In our Information Retrieval project, we constructed a specialized search engine tailored for English Wikipedia. This engine swiftly retrieves the top 100 relevant articles by employing a scoring system we crafted. To enhance accuracy, we integrated various Similarity Measures into our search algorithm. These measures enable fine-tuning of search results based on relevance and similarity to the query. Our project aims to provide users with precise and efficient access to the vast wealth of information available on Wikipedia:
We use the following methods for scoring
- Inverted Index for each wiki section: title, body text, anchor text
- BM25
- page view
- page rank
In addition, we used cosine similarity tf-idf but get poor results versus BM25
Files Description:
-
search_frontend.py: python file which contains the code to run server locally on a host by running Flask.
-
search_backend.py: python file which contains backend functions and logic.
-
inverted_index_gcp.py: python file which contains Inverted Index class with functions for writing, reading and updating inverted index and posting lists
-
PageRank_PageViews_Support_Dictionaries.ipynb: Jupyter notebook which should contains the functions to build support files for the engine such as: pagerank calculation, pageviews, map between document and its length and more.
-
IndexBuilder_title.ipynb: Jupyter notebook which used build the title inverted index.
-
IndexBuilder_anchor.ipynb: Jupyter notebook was used to build the anchor inverted index.
-
IndexBuilder_text.ipynb Jupyter notebook was used to build the body text inverted index.

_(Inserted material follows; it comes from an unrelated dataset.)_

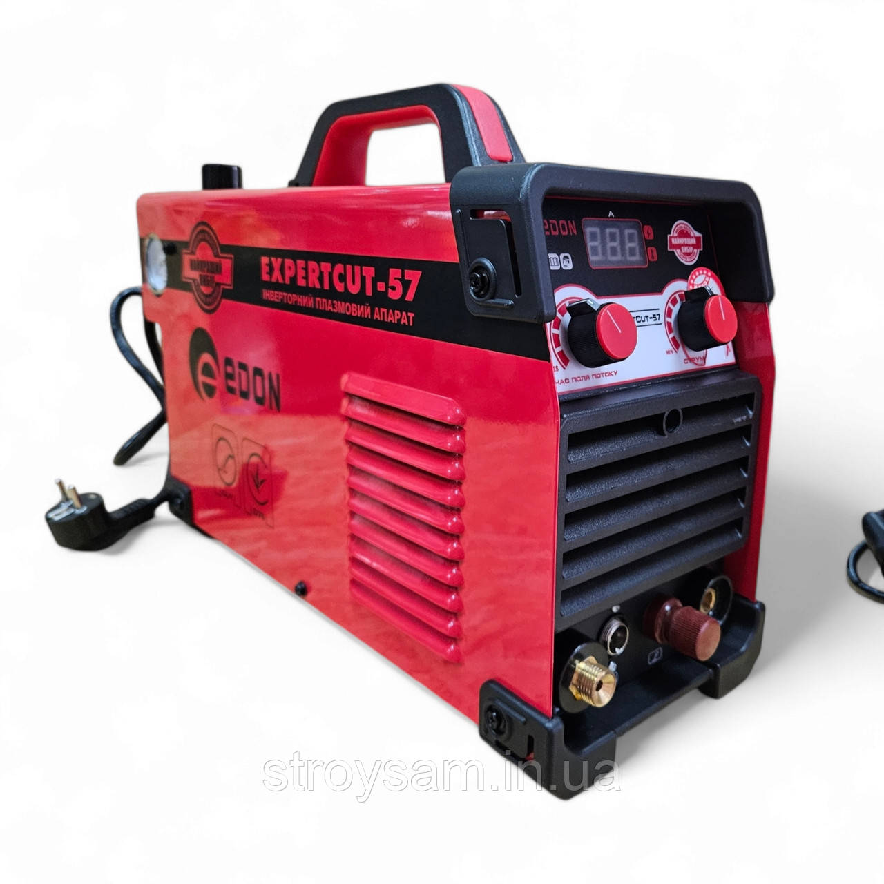 Плазморез Edon CUT-57 — професійний апарат для різання металів, що працює від мережі 220 В. Максимальна товщина чистого різання досягає 15 мм, роздільного до 18 мм. У конструкції плазморіза є високочастотний осцилятор, який відповідає за безконтактне підпалювання дуги плазмозагляду. Завдяки невеликій споживаній потужності (до 7,5 кВт) апарат плазмового різання Edon CUT-57 можна під'єднувати практично до будь-якої домашньої або гаражної електромережі. Повітря, яке подається від компресора, за допомогою плазмоутворювача іонізується і стає струмопровідним. На виході плазва оглядану утворюється плазмова дуга завдовжки 3-6 сантиметрів, температура якої досягає 30000 градусів. Для коректної роботи плазморіза об'єм ресивера компресора має бути не менш ніж 50 літрів і продуктивність приблизно 400 літрів на хвилину. Апарат плазмового різання комплектується: плазмованому марки P-80, вбудованим редуктором із відділювачем вологи, додатковими соплами та електродами, напрямним роликом, інструкцією й гарантійним талоном.
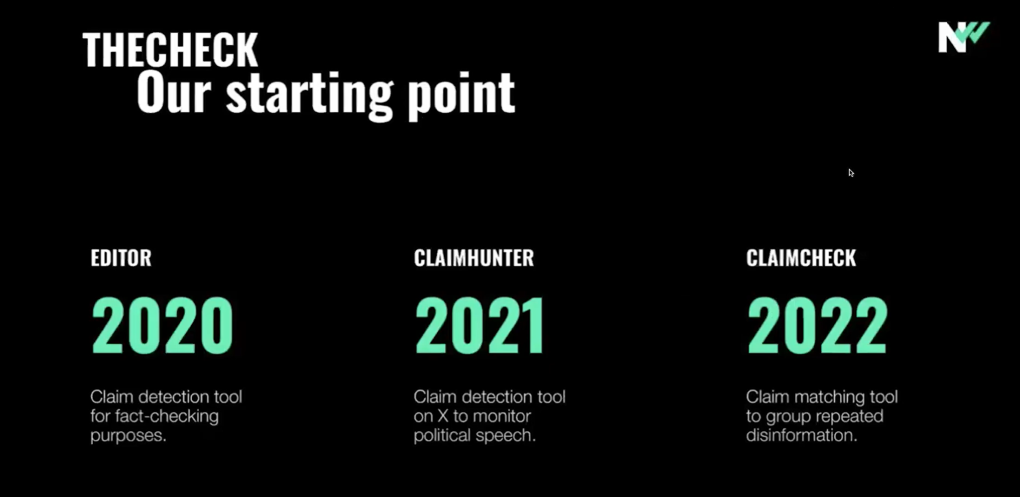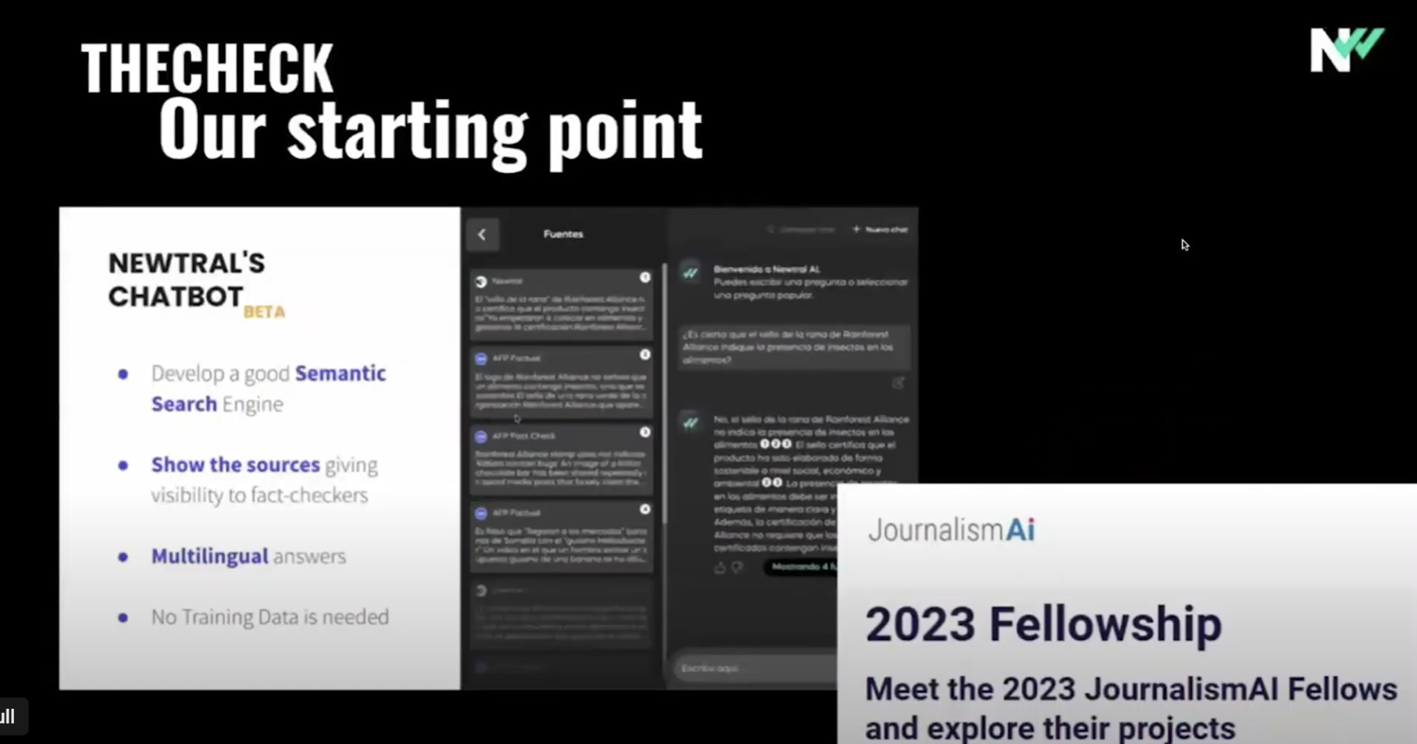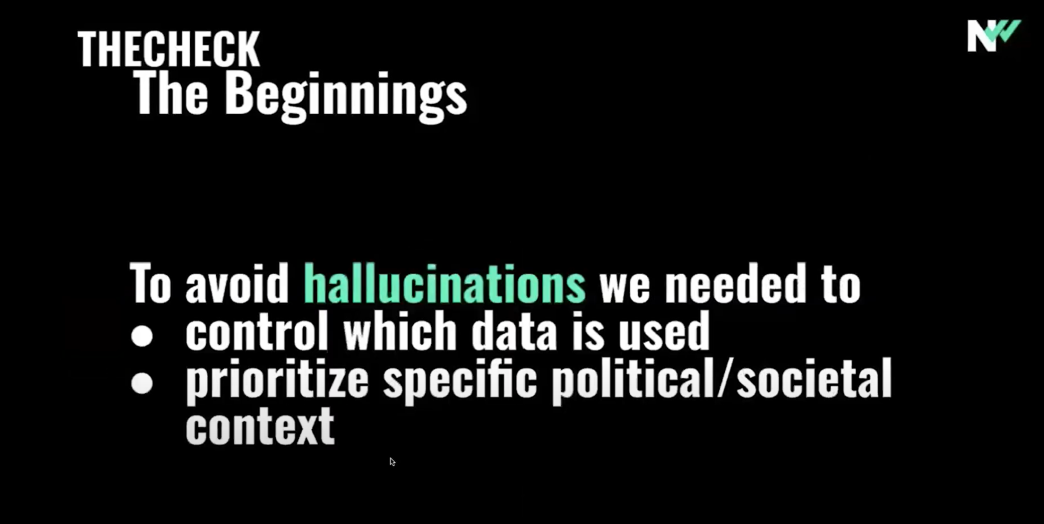 (1:24) Но я должен сказать, что мы не начинаем с нуля, с самого начала существования компании (1:30) у нас была команда инженеров, работающая над автоматизацией процесса проверки фактов, мы (1:35) создали инструменты для проверки фактов, обнаружения в плоскости, сопоставления в плоскости, а в прошлом году, с помощью (1:42) стипендии от Journalist AI, мы начали развивать проект с использованием больших (1:48) языковых моделей для создания этого чатбота, который я представляю сегодня.

The project utilizes the following libraries:
- Spark: Employed as a robust data processing engine, facilitating distributed data processing operations
- NumPy: A library for scientific computing with Python that provides support for large, multi-dimensional arrays and matrices.
- NLTK: An indispensable toolkit for natural language processing, equipped with various utilities tailored for text data manipulation and analysis.